I think there's a more pervasive, but less verbal, rebellion among young
people now -- almost an *emotional* form of protest.  Like DiPrima (again
with the DePrima) told me, the Beat aura of "cool" was not an emotional
bluntedness, but an active refusal to simulate societally dictated ersatz
sentiment.  I think behind a lot of music young people like these days,
there's an affective disobedience, expressed in phrases like "We Were Dead
Before the Ship Even Sank." I'm not that big on Isaac's voice, but 
Modest Mouse certainly delivers with those titles, and Johnny Marr rocks 
-- the Smiths' "How Soon is Now?" is maybe my favorite rock title ever.)

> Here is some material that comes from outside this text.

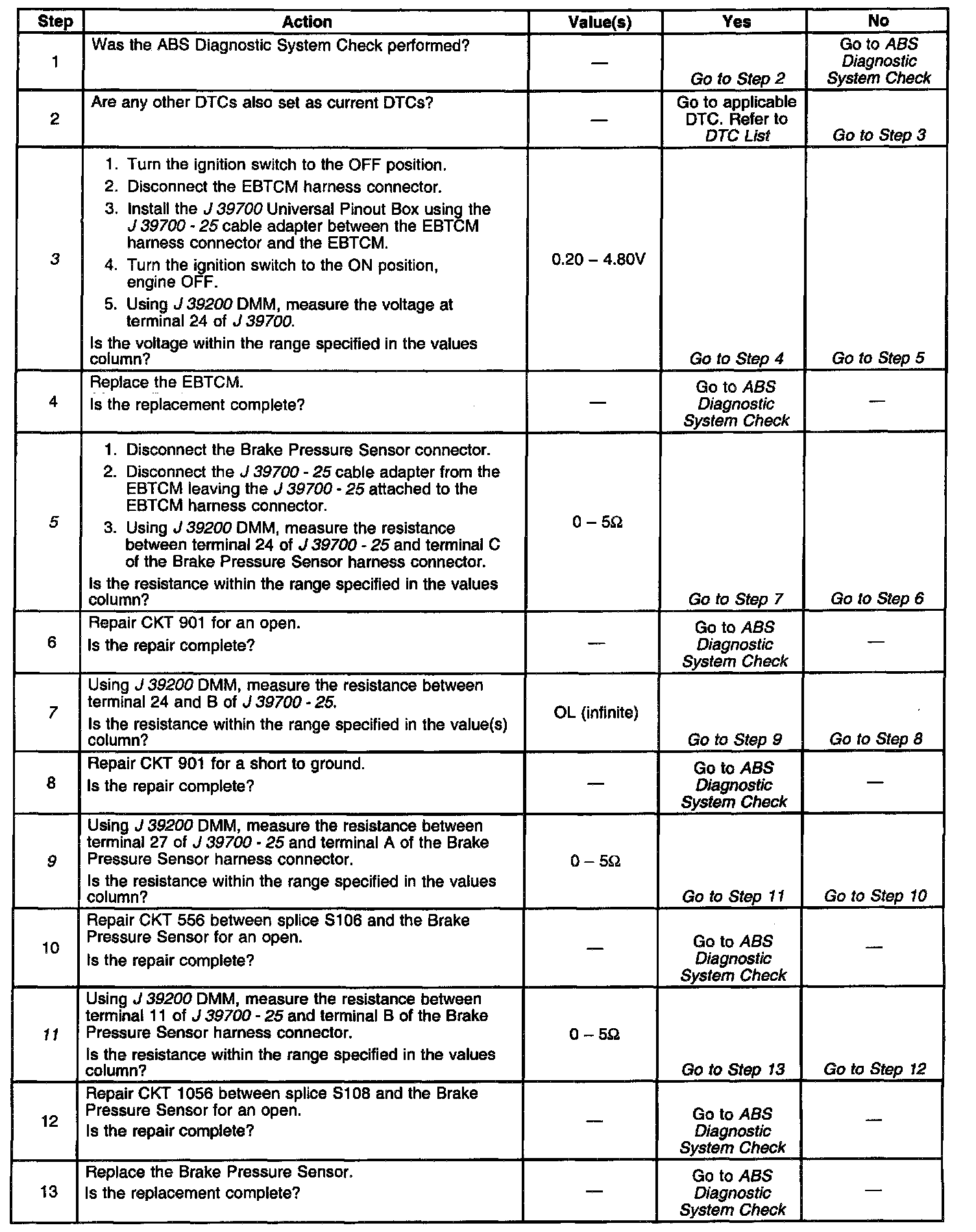 DTC C1296 can be set anytime the ignition switch is in the ON position, and the signal voltage from the Brake Pressure Sensor is less than 0.20 volts or greater than 4.80 volts.
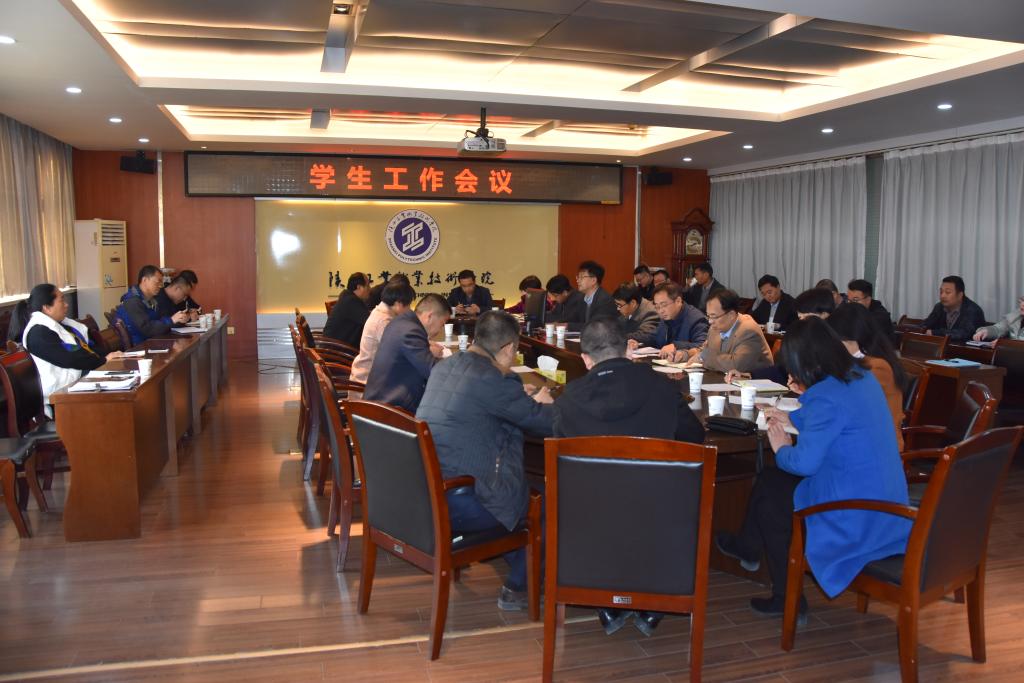 11月19日下午,学生工作会议在崇文楼九楼第一会议室召开。学生处、团委、各二级学院副科级以上干部30余人参加了会议,会议由学生处处长郝军主持。

Rebellion a la punk -- a revolution of attitude.
  
inkwell.vue.297 : The Love X Nowhere
permalink #75 of 205: Adam Perry (adamice9) Thu 19 Apr 07 20:48
    
That emotional form of protest is exactly what Arcade Fire tapped into
with their hugely popular debut album "Funeral." And it's no accident
that they dress much like the London Calling-era Clash onstage. Punk
rock army fatigues. 

I'm also wondering what are the favorite current San Francisco bands
of everyone here who *isn't* in The Love X Nowhere.